Actually, laying doggo was about the upper limit of ambition for most people in Adelaide. When the wind comes off the red interior even mad dogs lie low, a precaution that just left the Englishmen and one Australian, Justin Langer, to spend more time than was sensible in the scorching conditions.

The draining stay paid off handsomely for the West Australian, who scored his second Test century. At one stage Langer was being watered and fed (bananas as it happens) every 15 minutes as dehydration took its toll. Speaking after spending 332 minutes at the crease, he said conditions were the hottest he had ever encountered in a Test match. Several of Engand's bowlers suffered cramp.

On a day when batting first was not only prudent due to the pitch, but necessary because of the intense heat, the third lost toss of the series meant that England were dealt a nigh on impossible hand. Mind you, they made a decent fist of it.

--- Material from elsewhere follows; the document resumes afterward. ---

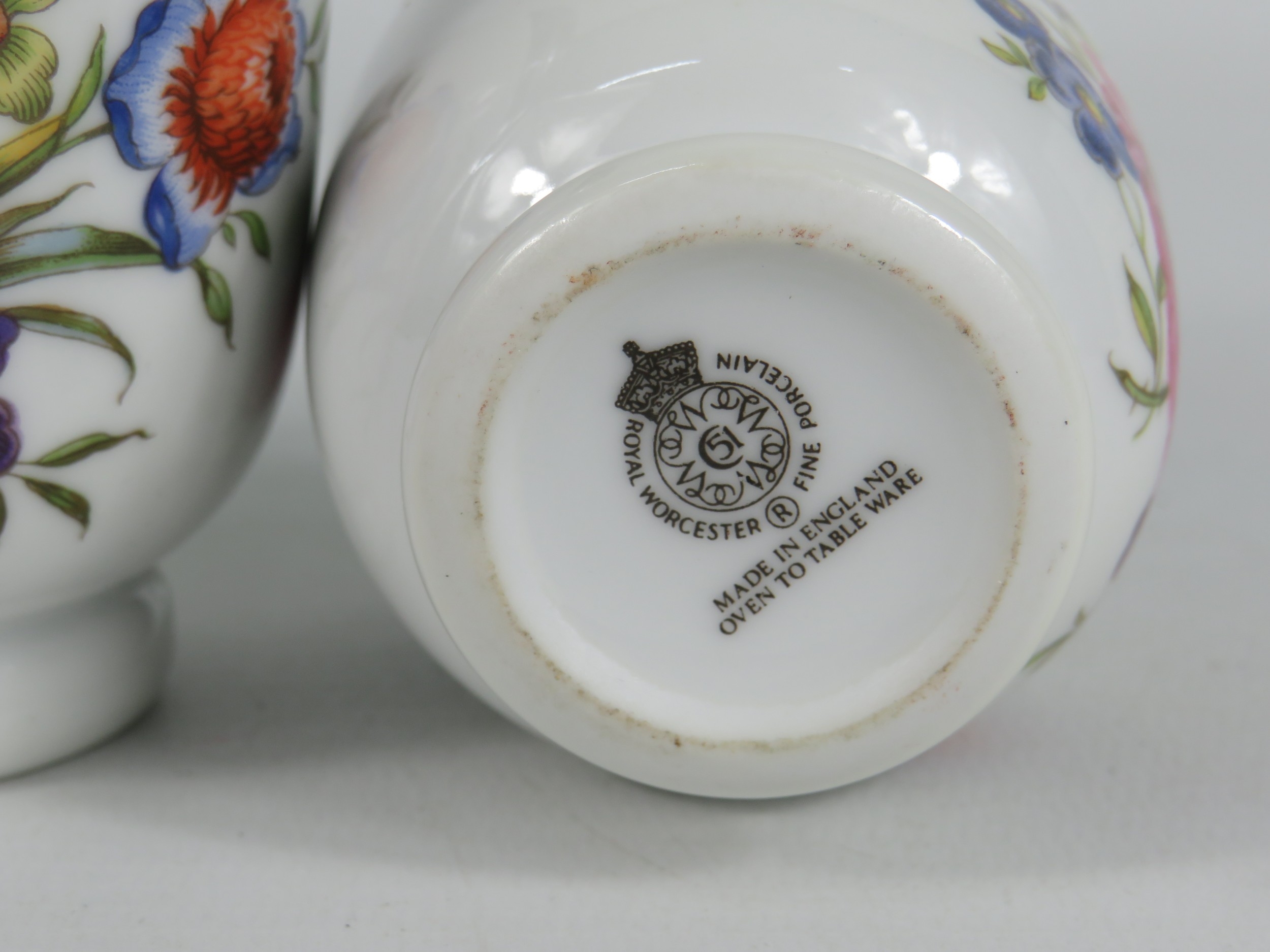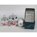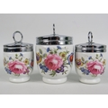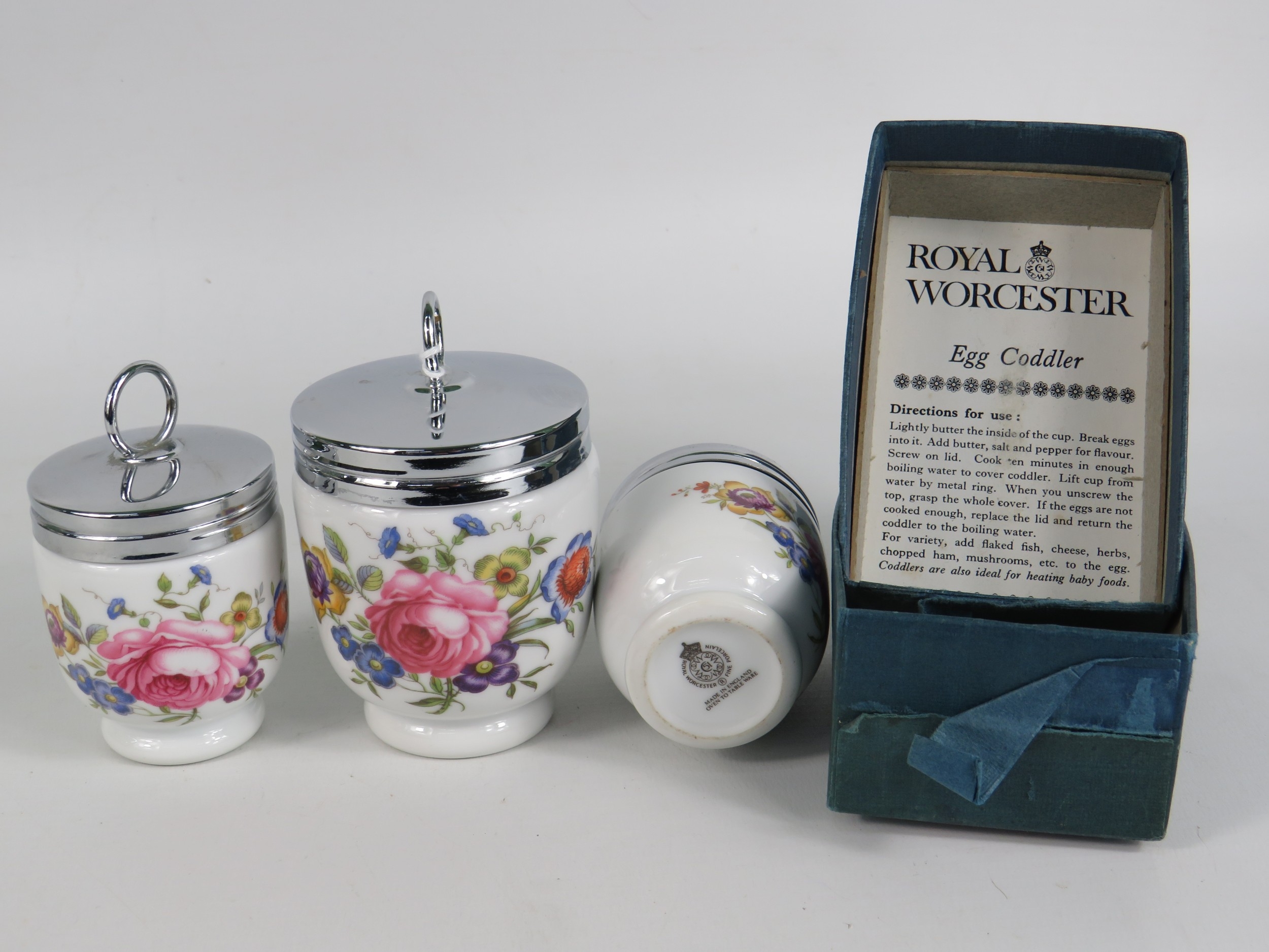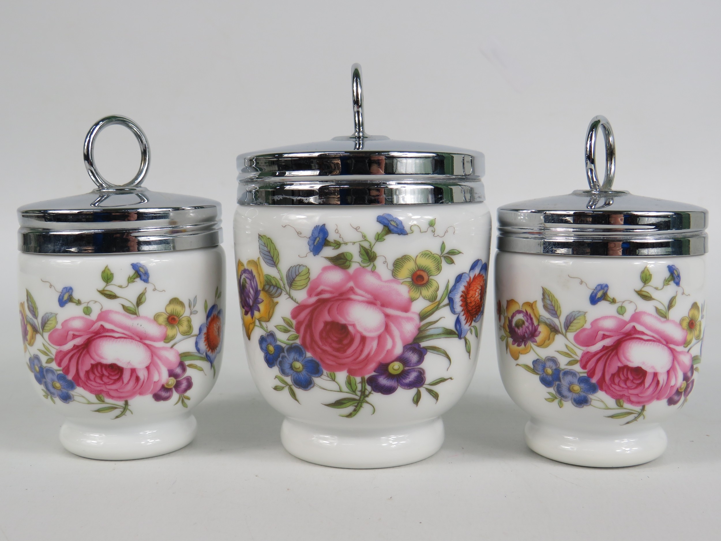 Three Royal Worcester floral egg coddlers with chrome lids - tallest 8cm

Alec Stewart played his joker - at least that is how most Australians seemed to view Peter Such's surprise selection - and played him well, though two more dropped catches meant, as it has done all tour, that the situation at the end of play should have been better. Such's inclusion, in place of fast bowler Alex Tudor, the find of Perth, was as controversial as it was bold. Such last played for England 50 Tests ago and his inclusion caught just about everyone on the hop.

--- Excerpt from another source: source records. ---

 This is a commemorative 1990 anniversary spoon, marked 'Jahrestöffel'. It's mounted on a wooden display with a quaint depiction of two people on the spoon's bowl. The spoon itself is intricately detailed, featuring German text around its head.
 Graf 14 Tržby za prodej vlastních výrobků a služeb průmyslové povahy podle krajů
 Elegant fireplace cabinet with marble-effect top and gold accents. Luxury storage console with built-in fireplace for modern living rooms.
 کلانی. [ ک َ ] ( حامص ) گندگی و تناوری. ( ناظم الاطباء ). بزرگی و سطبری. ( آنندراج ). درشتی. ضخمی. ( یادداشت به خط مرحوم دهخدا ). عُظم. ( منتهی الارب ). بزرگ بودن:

It was the right decision. Tudor's big frame and long run up are not what nature would normally have provided to exploit a blast furnace.

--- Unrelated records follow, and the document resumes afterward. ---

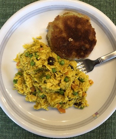 Möhre klein würfeln. Lauchzwiebeln in kleine Scheiben schneiden. Das Olivenöl in einem Topf erhitzen und Möhren und Lauchzwiebeln, den Reis, die Rosinen und Cashew-Bruch unter Rühren kurz anrösten. Mit Koriander, Kurkuma und Harissa würzen und mit dem Wasser auffüllen. 10 Minuten köcheln lassen, dabei immer mal wieder umrühren. Erbsen dazu geben. Mit Salz und Pfeffer abschmecken. Falls das Pilav zu trocken ist, etwas Olivenöl dazu geben. Danach noch 10 Minuten ziehen lassen.
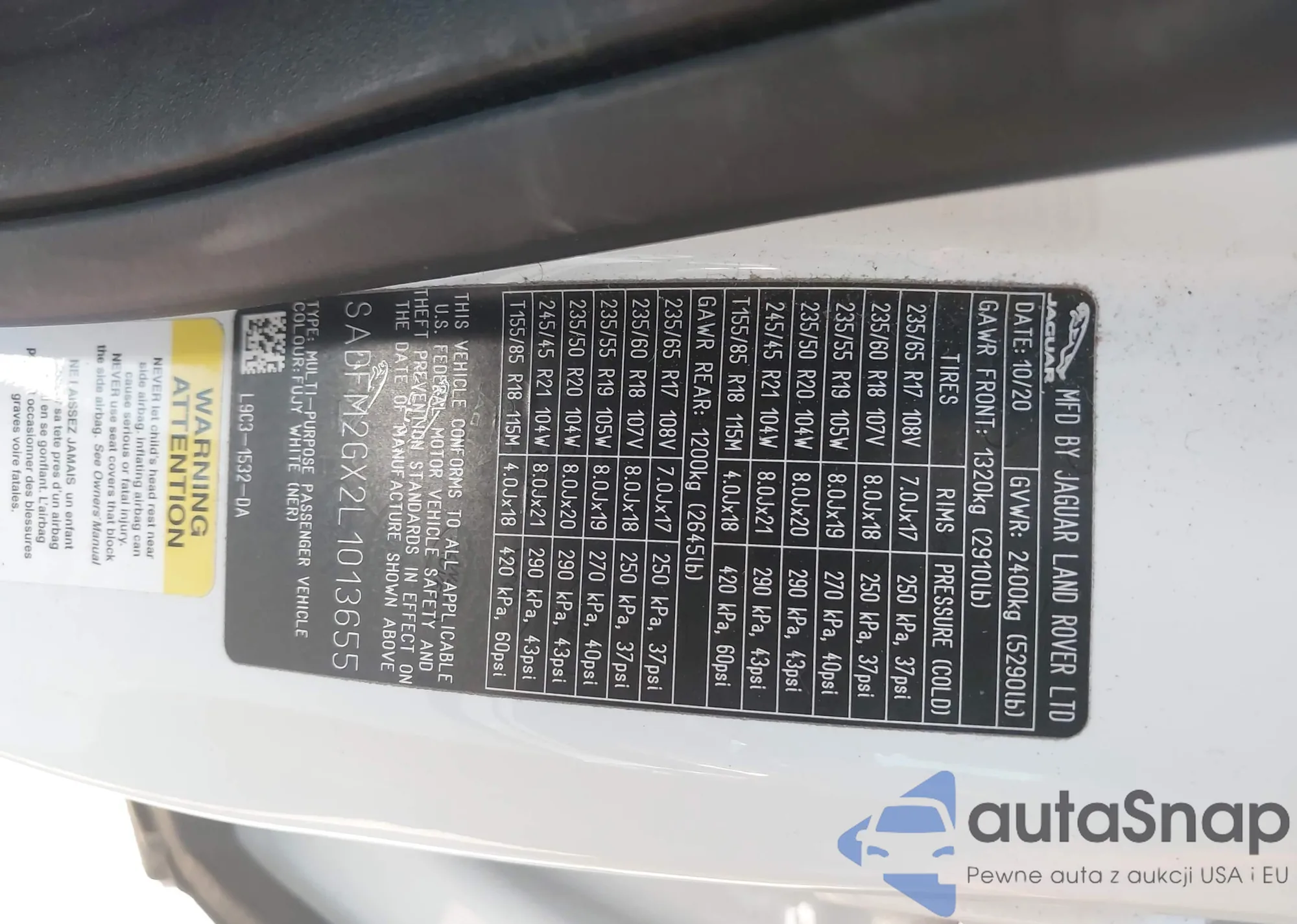 LOT: 43885369 VIN: SADFP2FX8L1006766
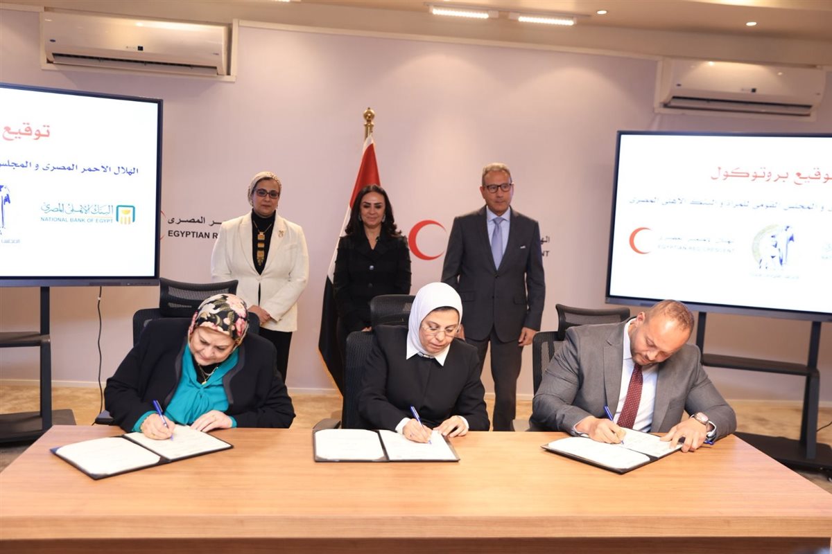 ووقعت البروتوكولين كل من إيمان خليفه أمل الامينة العامة للمجلس القومي للمرأة، والدكتورة آمال امام المدير التنفيذي للهلال الاحمر المصرى، ومحمد عوارة مدير التنمية المجتمعية بالبنك الاهلى المصرى.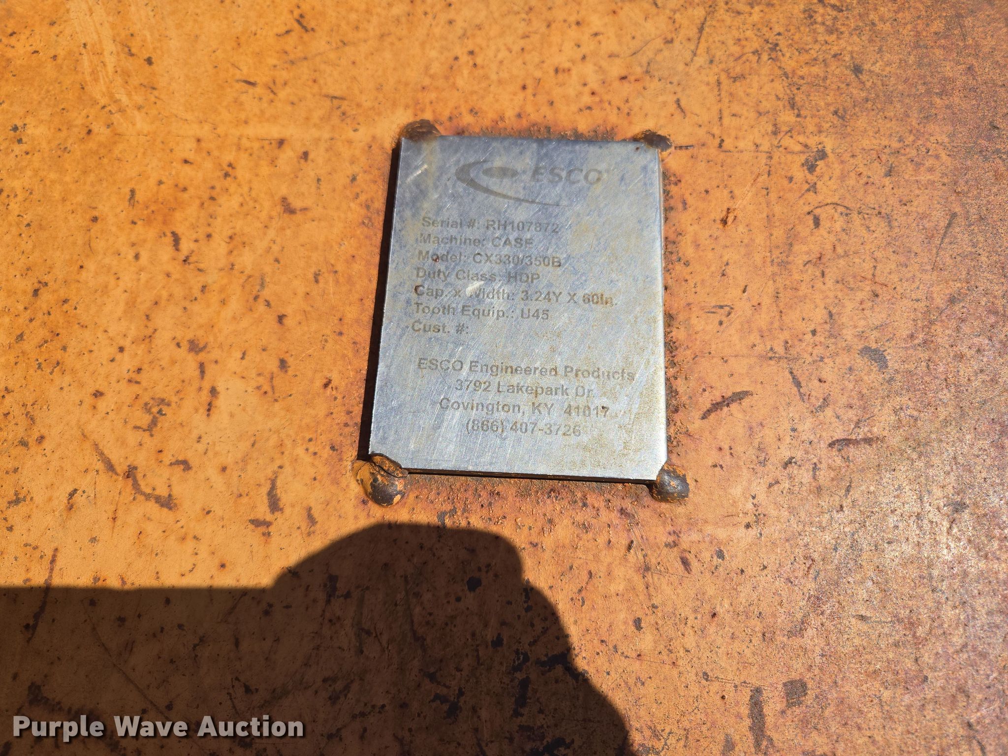 2012 Case CX350C excavator. Hours: 15,649 on meter, Serial: DAC350K6NCSAP1233. Engine Isuzu AL-6HK1X, Displacement: 7.790L, Cylinders: 6, Fuel type: Diesel. Transmission Hydrostatic, Two speed travel. Operators station Enclosed cab, AC, Heat, Backup camera. Features Counter weights, Boom Standard, Stick Stick length: 12' 8", Bucket Esco, Width: 60", Teeth: 6. Tracks Width: 32", Steel, Grouser pads: Triple. Notes DPF deleted. S&P Clearing and Energy Services. Bennington, OK 74723

Considering Such last played in the middle five weeks ago, it was a brave and inspired choice and his 2 for 57 from 27 overs was a job extremely well done. At one stage he had bowled unchanged for about three hours and looked hot enough to boil a kettle on his head.

For once England had a measure of control, with a spin bowler who could string together a meaningful sequence of dot balls, preventing runs rather than leaking them as Robert Croft has tended to do. In some ways, apart from Langer's knock and another defiant half-century from Steve Waugh, England ran proceedings for most of the day.

After the furore of the past few days the other Waugh barely featured. Arriving at the fall of the second wicket, Mark Waugh was greeted with a mixture of cheers and boos, the latter mainly coming from the better- heeled in the Members' Stand.

If his mind was on pitch and weather reports - apparently a phone-in on one of the TV channels revealed that 51 per cent of viewers believe he and Shane Warne should never play for Australia again - it was soon focussed on the cricket by a superb first-ball bouncer from Darren Gough.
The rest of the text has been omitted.